I feel a responsibility to share with the world the lessons that I’ve learned about life from nearly dying five times. This is a major reason that I wrote my book.

One lesson that I think about a lot is related to my growing up playing football. Some of my games were extended into an overtime period to decide the outcome. In overtime, every second counts and you’re totally focused on what’s important. I’ve lived with that exact same feeling ever since I had my last rites read to me.

I’ve also learned that humor can be incredibly powerful. You may think that a good laugh may be the last thing that you’d want to do when you’re dying in the ICU. But laughing with the people that I love actually helped me feel like I could transcend my illness, and it helped to connect us.

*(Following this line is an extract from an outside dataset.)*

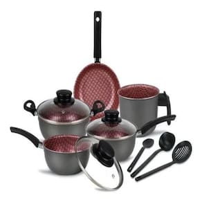 01- panela de 16cm de diâmetro 01- panela de 18cm 01- caçarola de 18cm 01- fervedor de 14cm 01- frigideira de 20cm 01- espátula 01- pegador de macarrão 01- colher grande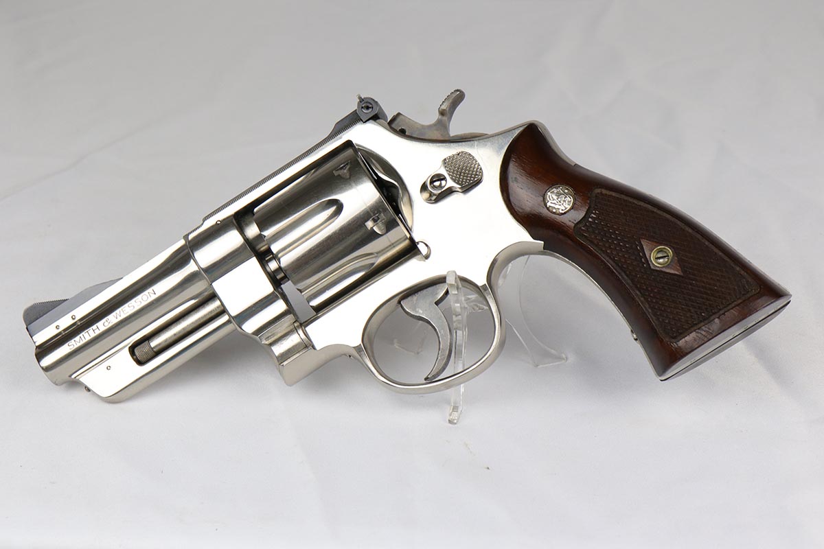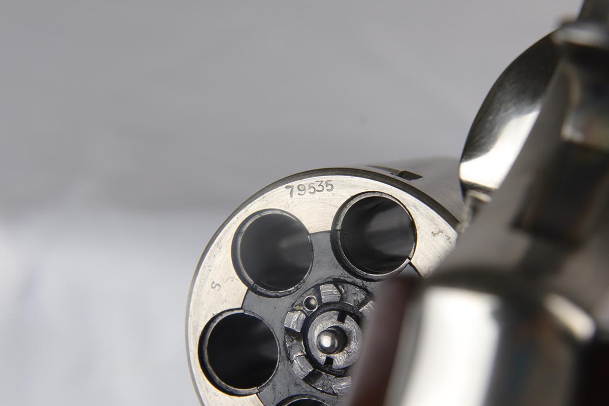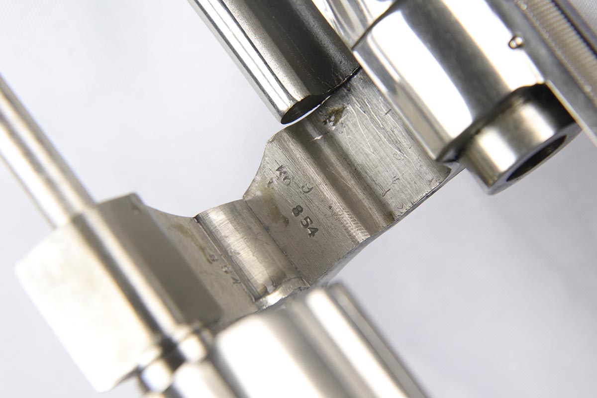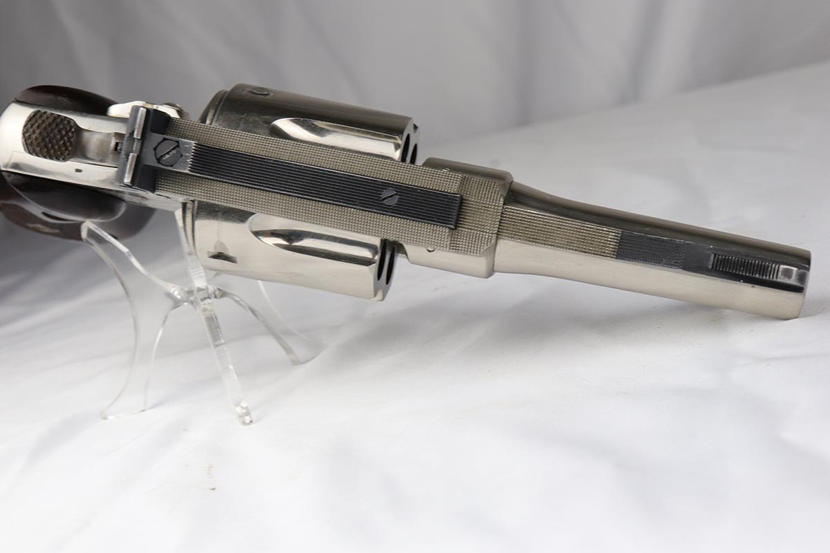 10/7/24 – This is a very scarce, original nickel finish Smith & Wesson Pre-27 revolver made in the late 1940s, and is probably a second year production gun.  It was made right after the war when S&W restarted production of .357 magnums as “Pre-27” model.  A very small percentage of the early guns were made both with very desirable 3.5 inch barrels and nickel finish. This revolver is in excellent original condition, with nearly all of the nickel finish present, with just a light cylinder ring. The sights are correctly blued and the cylinder and frame are marked with letter N, denoting the nickel finish. The frame, cylinder and barrel all match. The bore is mint. The grip are correct “high horn” early diamond magnas. The box is original to the gun and shows wear appropriate for the 70 year old gun, but is all original and is numbered faintly on the bottom with the full serial.  This stunning boxed set is worthy of any advanced S&W collection!

My greatest regrets on my deathbed were not things that I had done or said. I regretted what I didn’t do or didn’t say and that I would no longer be able to do. I now follow the motto: “Think It, Do It.” In other words, we should reflect on what we’re hoping for and then turn our hopes into action.

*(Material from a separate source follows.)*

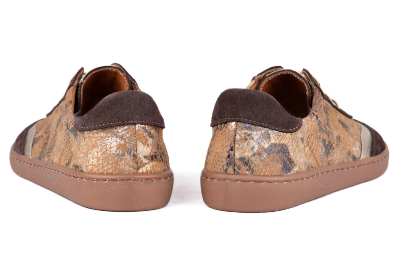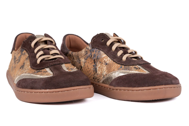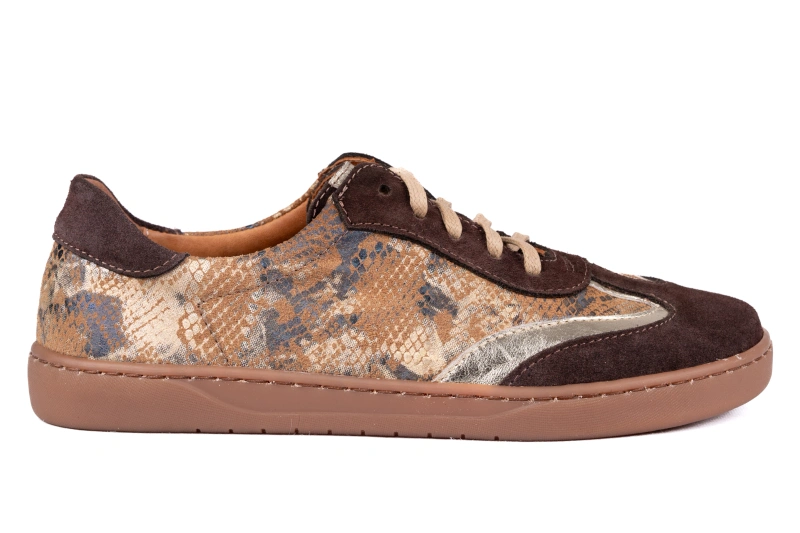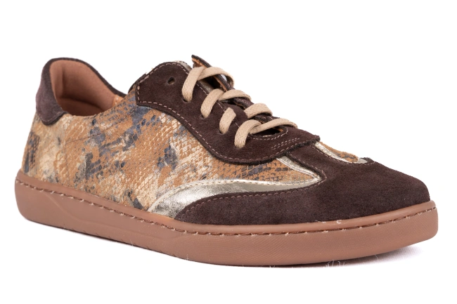 Te wyjątkowe damskie buty barefoot łączą miękką skórę welurową w ciepłym odcieniu brązu z bocznymi panelami ze skóry z motywem węża w odcieniach brązu i beżu, tworząc efektowny, modny design. Model powstaje w polskiej produkcji, w naszej własnej linii produkcyjnej, dzięki czemu każda para charakteryzuje się najwyższą jakością, trwałością i komfortem. Jako polski producent obuwia Łukbut z Łukowa dbamy o to, aby stopa mogła pracować naturalnie, a każdy detal podkreślał elegancki charakter buta. Dostępne w rozmiarach od 36 do 43, te buty polskie można wygodnie zamówić w sklepie internetowym i sklepie online lukbut.com.

Finally, I’ve learned that it really takes a strong team to make a difference in the world, especially against diseases. If it was just me on my own, we would have made less than 1 percent of the progress that’s been achieved. I hope that all rare disease warriors will join together into strong teams, armies even, and make a difference in the world.

Links:

Multicentric Castleman Disease (Genetic and Rare Diseases Information Center/NIH)

Castleman Disease Collaborative Network (Paso Robles, CA)

His Doctors Were Stumped. Then He Took Over (New York Times, February 4, 2017)

Video: Chasing My Cure: Dr. David Fajgenbaum’s Lessons From His Rare Disease And On Finding Cures For Others (Exponential Medicine, November 4, 2019)

Rare Disease Day at NIH 2020 (National Center for Advancing Translational Sciences/NIH)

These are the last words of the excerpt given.